Data for processing:
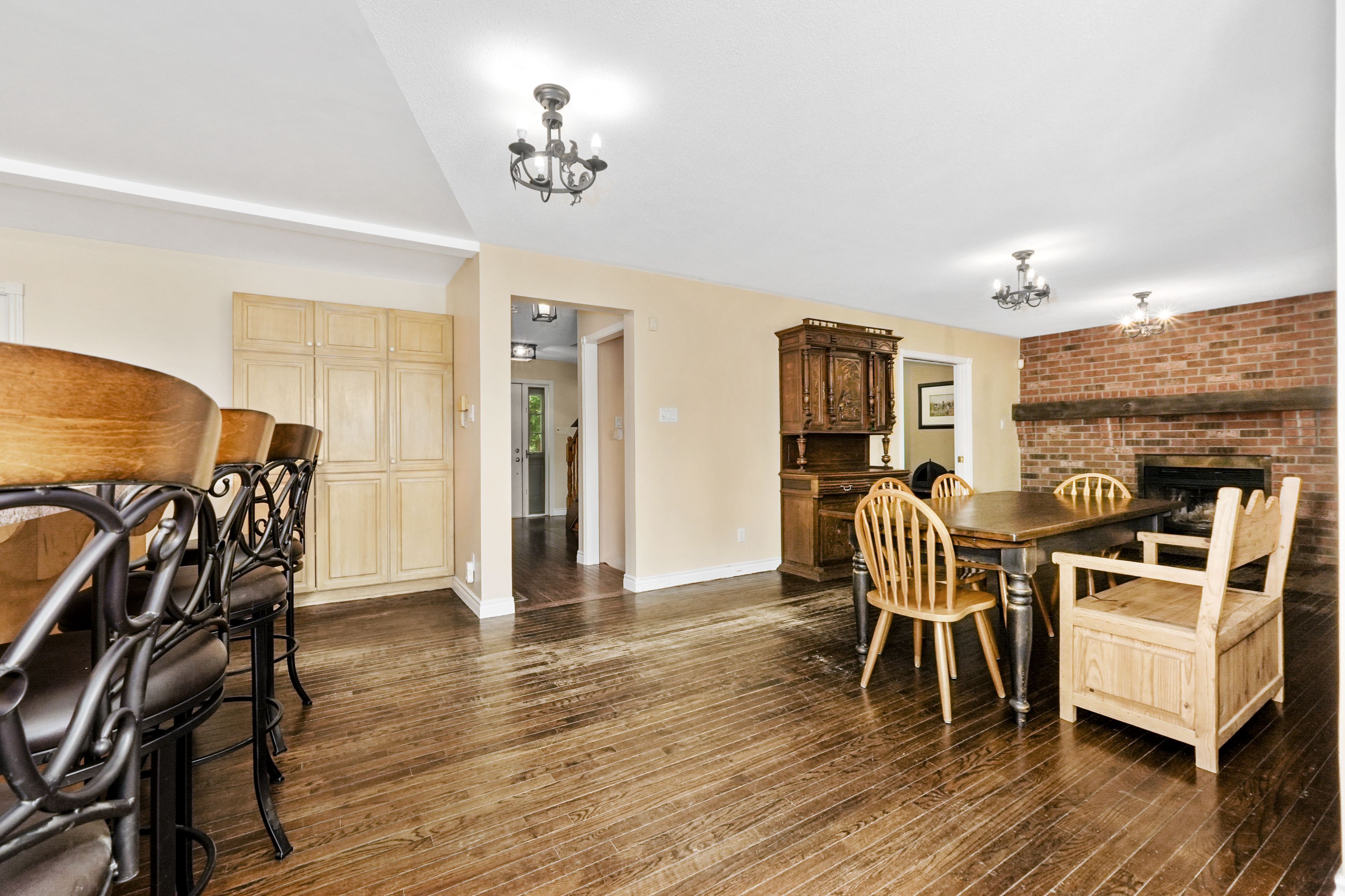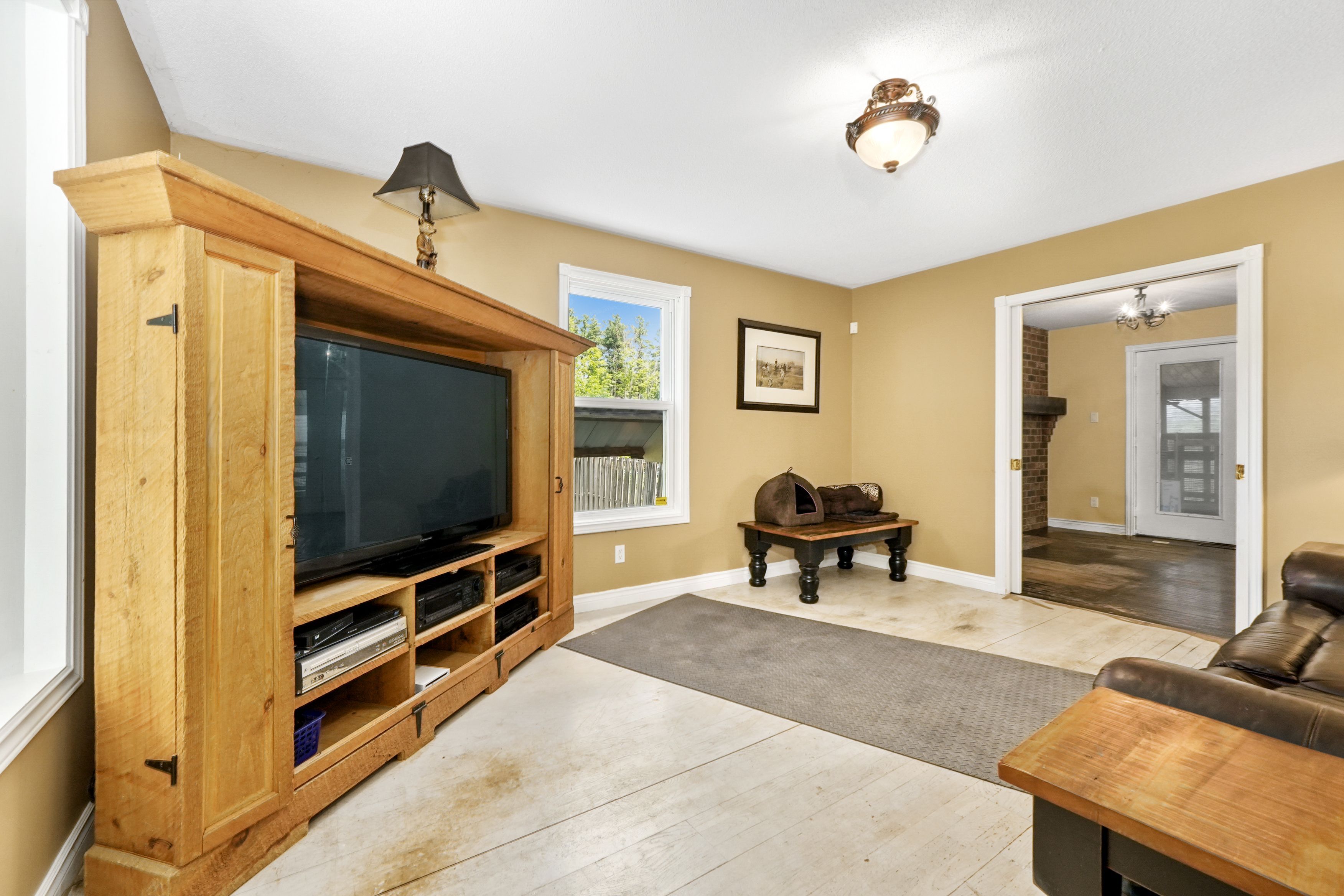 • Spacious main living area with a cozy fireplace and bright dining nook.
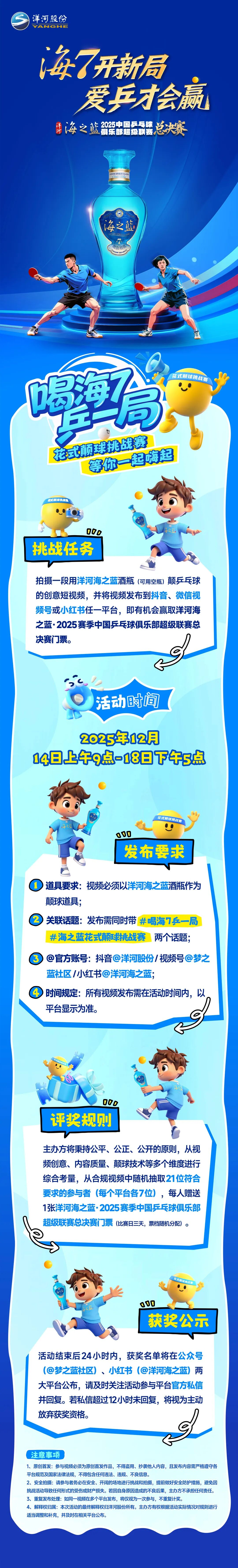 近日,由洋河海之藍發起的#花式顛球挑戰賽?席卷社交網絡,持續點燃全民乒乓熱情。
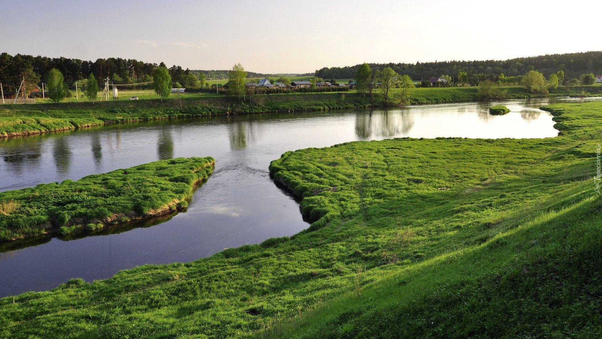 Edytor tapety: Rzeka, Pola, Trawa, Zabudowania
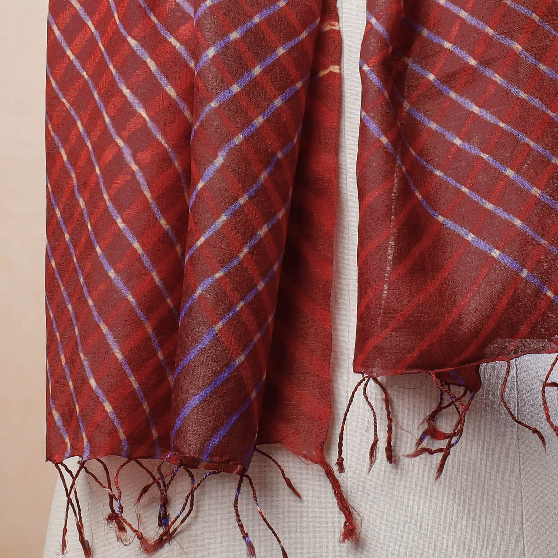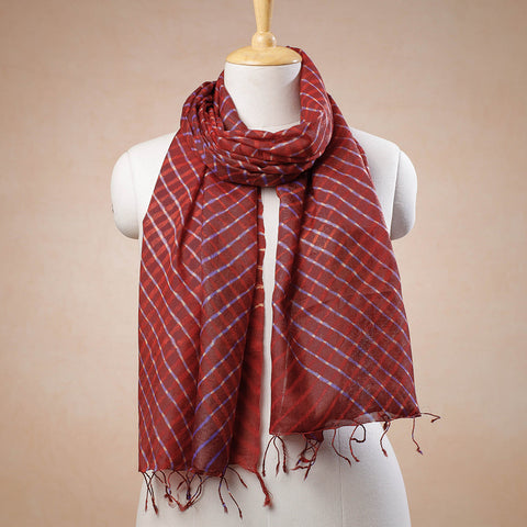 Fine quality original leheriya tie-dye mothra pure tussar silk handloom stole with tassels. Azo free dye have been used to make this stole. The wavy patterns on this stole has been dyed using leheriya tie & dye technique through traditional process by master artisan family of Badshah Miyan from the state of Rajasthan. Tussar silk is known for its unique texture, sheen of silk, and feel of cotton.
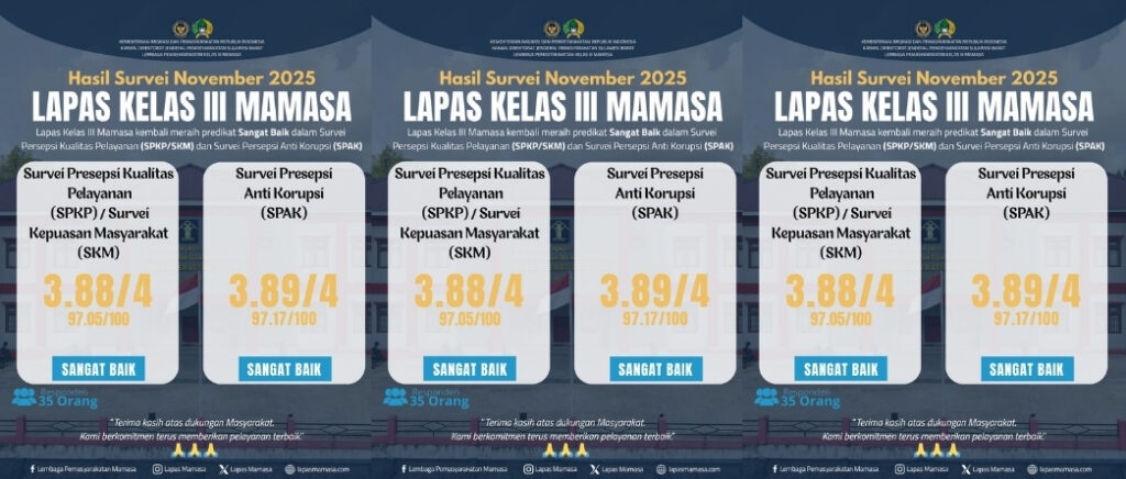 Berikut Hasil Survei Presepsi Kualitas Pelayanan (SPKP)/Survei Kepuasan Masyarakat (SKM) dan Survei Presepsi Anti Korupsi (SPAK) pada Lembaga Pemasyarakatan Kelas III Mamasa Periode Bulan November 2025 yang menunjukkan Predikat Sangat Baik. Terima kasih atas partisipasi dan dukungan Masyarakat, Kami terus berkomitmen memberikan pelayanan terbaik. #kementerianimigrasidanpemasyarakatan #Kemenimipas #DirektoratJenderalPemasyarakatan #DItjenpas #menteriimigrasidanpemasyarakatan #Menimipas #AgusAndrianto #KanwilDitjenpasSulbar #RamdaniBoy #Abimanyu #LapasMamasa #diarylapasmamasa
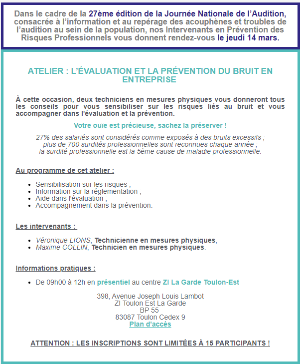 27ème édition de la Journée Nationale de l'Audition La prévention et l'évaluation du bruit en entreprise Je m'inscris à la session du jeudi 14 mars Cliquez ici pour découvrir nos prochains ateliers et webinaires de la prévention !
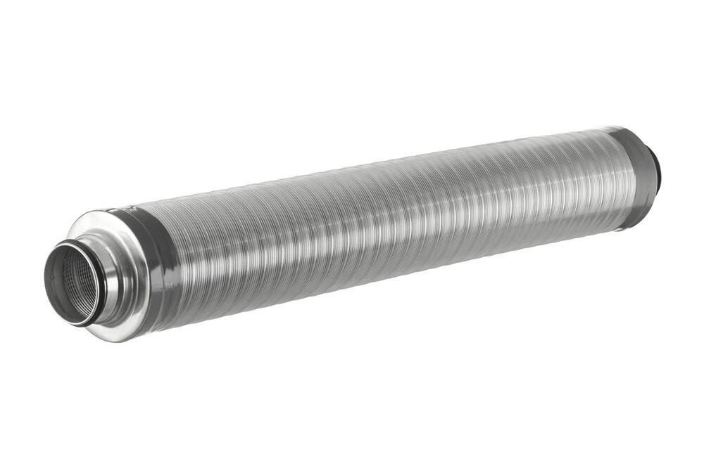 Duco. DucoFlex. De DucoFlex Silencer half star D200 (M/M) is een half starre (buigbare) geluidsdemper die bestaat uit een geprofileerde en geperforeerde aluminium binnenkanaal en een twee-lagig geprofileerde buitenmantel. De ruimte tussen de binnen- en buitenmantel is opgevuld met 50 mm geluidsabsorberend materiaal. De demper is standaard voorzien van aluminium eindkappen aan beide uiteinden (2xM connectie). Hierdoor kan de demper snel, eenvoudige en luchtdicht aangesloten worden op de ventilatie-unit of de starre ventilatiekanalen van diameter D200.
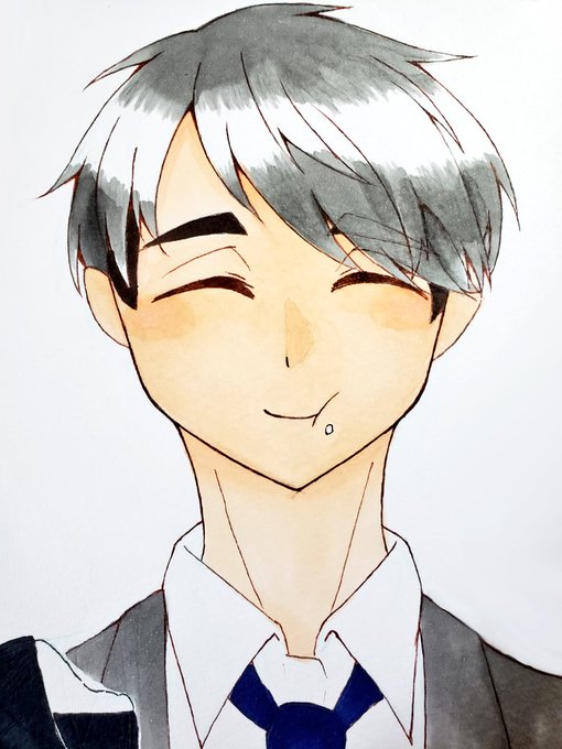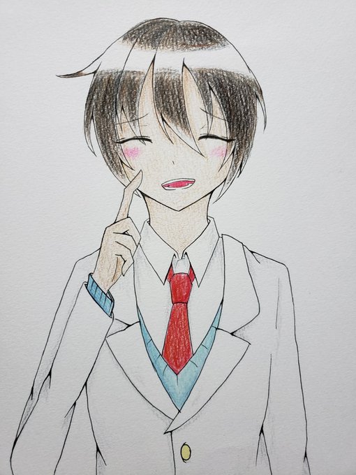 #リ氵くんが制服に着替えたら 「似合って…ます?」 タグお借りいたします 学校の制服着せたかった… 色塗ってから気づいたけどすごくキッドみたくなってるな
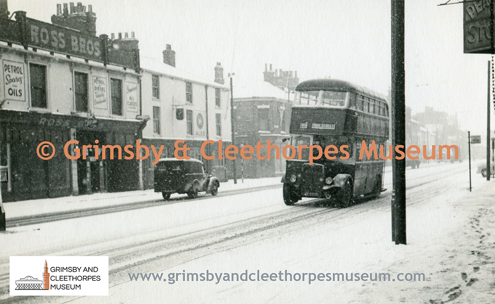 Grimsby Corporation bus JV 9900 heading along Cleethorpe Road in the direction of Park Street February 1956.
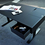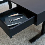 U-Desk is available with black or white frame. Table top in black or white Nano Softlaminate. Drawer can be purchased with front in white / black Nano Soft laminate, oak, black oak or walnut veneer.
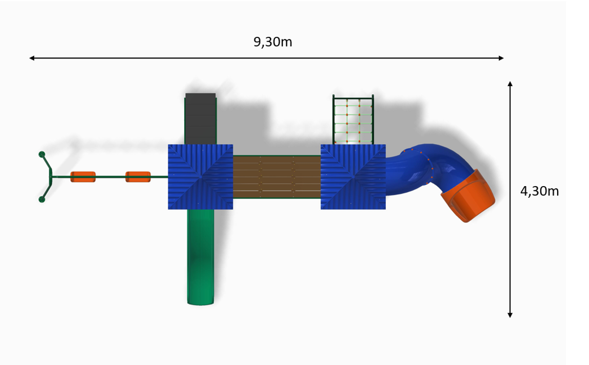 Este playground é estruturado em madeira plástica, com peças e componentes produzidos em plástico rotomoldado e ferragens galvanizadas a fogo. A utilização destes materiais resulta em grande durabilidade e pouquíssima manutenção, além de tornar o produto ecologicamente correto, ao evitar o uso de madeira natural. Além disso, este produto apresenta ótima resistência aos intempéries climáticos, como os raios solares UV, evitando o desbotamento precoce das peças de polietileno coloridos por pigmentação.
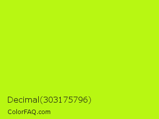 Decimal 303175796 Color is a normal lime color and the nearest color is Lime #bfff00. Hex code #b8f712 and RGB value is rgb(184,247,18). In RGB color space, this color is composed of 72% red, 97% green, 7% blue, In CMYK color space, this color is composed of 26% cyan, 0% magenta, 93% yellow , 3% black , In HSL color space, this color has a hue angle of 77° , 93% saturation and 52% lightness.
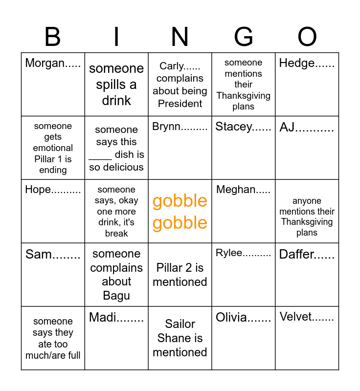 This bingo card has a free space and 24 words: someone complains about Bagu, Madi........, Brynn........., someone says they ate too much/are full, Hedge......, Morgan....., someone gets emotional Pillar 1 is ending, someone spills a drink, Meghan....., Pillar 2 is mentioned, Stacey......, Hope.........., Rylee.........., Daffer......, someone says this ____ dish is so delicious, Olivia......., anyone mentions their Thanksgiving plans, Carly...... complains about being President, AJ..........., someone says, okay one more drink, it's break, Velvet......., Sam........, someone mentions their Thanksgiving plans and Sailor Shane is mentioned.
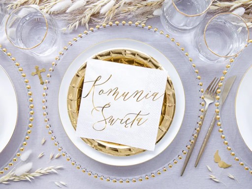 Polecamy obrusy jednorazowe, białe, złote, białe w złote groszki..., talerze, talerzyki (złote..) i sztućce (przezroczyste...), oraz w podobnej kolorystyce kubeczki. Oferujemy również duży wybór serwetek komunijnych i innych artykułów potrzebnych do urządzenia przyjęcia.

Problem statement:
Once the pictures are removed, copy the material above exactly.

Output for this exercise:
 • Spacious main living area with a cozy fireplace and bright dining nook.
 近日,由洋河海之藍發起的#花式顛球挑戰賽?席卷社交網絡,持續點燃全民乒乓熱情。
 Edytor tapety: Rzeka, Pola, Trawa, Zabudowania
 Fine quality original leheriya tie-dye mothra pure tussar silk handloom stole with tassels. Azo free dye have been used to make this stole. The wavy patterns on this stole has been dyed using leheriya tie & dye technique through traditional process by master artisan family of Badshah Miyan from the state of Rajasthan. Tussar silk is known for its unique texture, sheen of silk, and feel of cotton.
 Berikut Hasil Survei Presepsi Kualitas Pelayanan (SPKP)/Survei Kepuasan Masyarakat (SKM) dan Survei Presepsi Anti Korupsi (SPAK) pada Lembaga Pemasyarakatan Kelas III Mamasa Periode Bulan November 2025 yang menunjukkan Predikat Sangat Baik. Terima kasih atas partisipasi dan dukungan Masyarakat, Kami terus berkomitmen memberikan pelayanan terbaik. #kementerianimigrasidanpemasyarakatan #Kemenimipas #DirektoratJenderalPemasyarakatan #DItjenpas #menteriimigrasidanpemasyarakatan #Menimipas #AgusAndrianto #KanwilDitjenpasSulbar #RamdaniBoy #Abimanyu #LapasMamasa #diarylapasmamasa
 27ème édition de la Journée Nationale de l'Audition La prévention et l'évaluation du bruit en entreprise Je m'inscris à la session du jeudi 14 mars Cliquez ici pour découvrir nos prochains ateliers et webinaires de la prévention !
 Duco. DucoFlex. De DucoFlex Silencer half star D200 (M/M) is een half starre (buigbare) geluidsdemper die bestaat uit een geprofileerde en geperforeerde aluminium binnenkanaal en een twee-lagig geprofileerde buitenmantel. De ruimte tussen de binnen- en buitenmantel is opgevuld met 50 mm geluidsabsorberend materiaal. De demper is standaard voorzien van aluminium eindkappen aan beide uiteinden (2xM connectie). Hierdoor kan de demper snel, eenvoudige en luchtdicht aangesloten worden op de ventilatie-unit of de starre ventilatiekanalen van diameter D200.
 #リ氵くんが制服に着替えたら 「似合って…ます?」 タグお借りいたします 学校の制服着せたかった… 色塗ってから気づいたけどすごくキッドみたくなってるな
 Grimsby Corporation bus JV 9900 heading along Cleethorpe Road in the direction of Park Street February 1956.
 U-Desk is available with black or white frame. Table top in black or white Nano Softlaminate. Drawer can be purchased with front in white / black Nano Soft laminate, oak, black oak or walnut veneer.
 Este playground é estruturado em madeira plástica, com peças e componentes produzidos em plástico rotomoldado e ferragens galvanizadas a fogo. A utilização destes materiais resulta em grande durabilidade e pouquíssima manutenção, além de tornar o produto ecologicamente correto, ao evitar o uso de madeira natural. Além disso, este produto apresenta ótima resistência aos intempéries climáticos, como os raios solares UV, evitando o desbotamento precoce das peças de polietileno coloridos por pigmentação.
 Decimal 303175796 Color is a normal lime color and the nearest color is Lime #bfff00. Hex code #b8f712 and RGB value is rgb(184,247,18). In RGB color space, this color is composed of 72% red, 97% green, 7% blue, In CMYK color space, this color is composed of 26% cyan, 0% magenta, 93% yellow , 3% black , In HSL color space, this color has a hue angle of 77° , 93% saturation and 52% lightness.
 This bingo card has a free space and 24 words: someone complains about Bagu, Madi........, Brynn........., someone says they ate too much/are full, Hedge......, Morgan....., someone gets emotional Pillar 1 is ending, someone spills a drink, Meghan....., Pillar 2 is mentioned, Stacey......, Hope.........., Rylee.........., Daffer......, someone says this ____ dish is so delicious, Olivia......., anyone mentions their Thanksgiving plans, Carly...... complains about being President, AJ..........., someone says, okay one more drink, it's break, Velvet......., Sam........, someone mentions their Thanksgiving plans and Sailor Shane is mentioned.
 Polecamy obrusy jednorazowe, białe, złote, białe w złote groszki..., talerze, talerzyki (złote..) i sztućce (przezroczyste...), oraz w podobnej kolorystyce kubeczki. Oferujemy również duży wybór serwetek komunijnych i innych artykułów potrzebnych do urządzenia przyjęcia.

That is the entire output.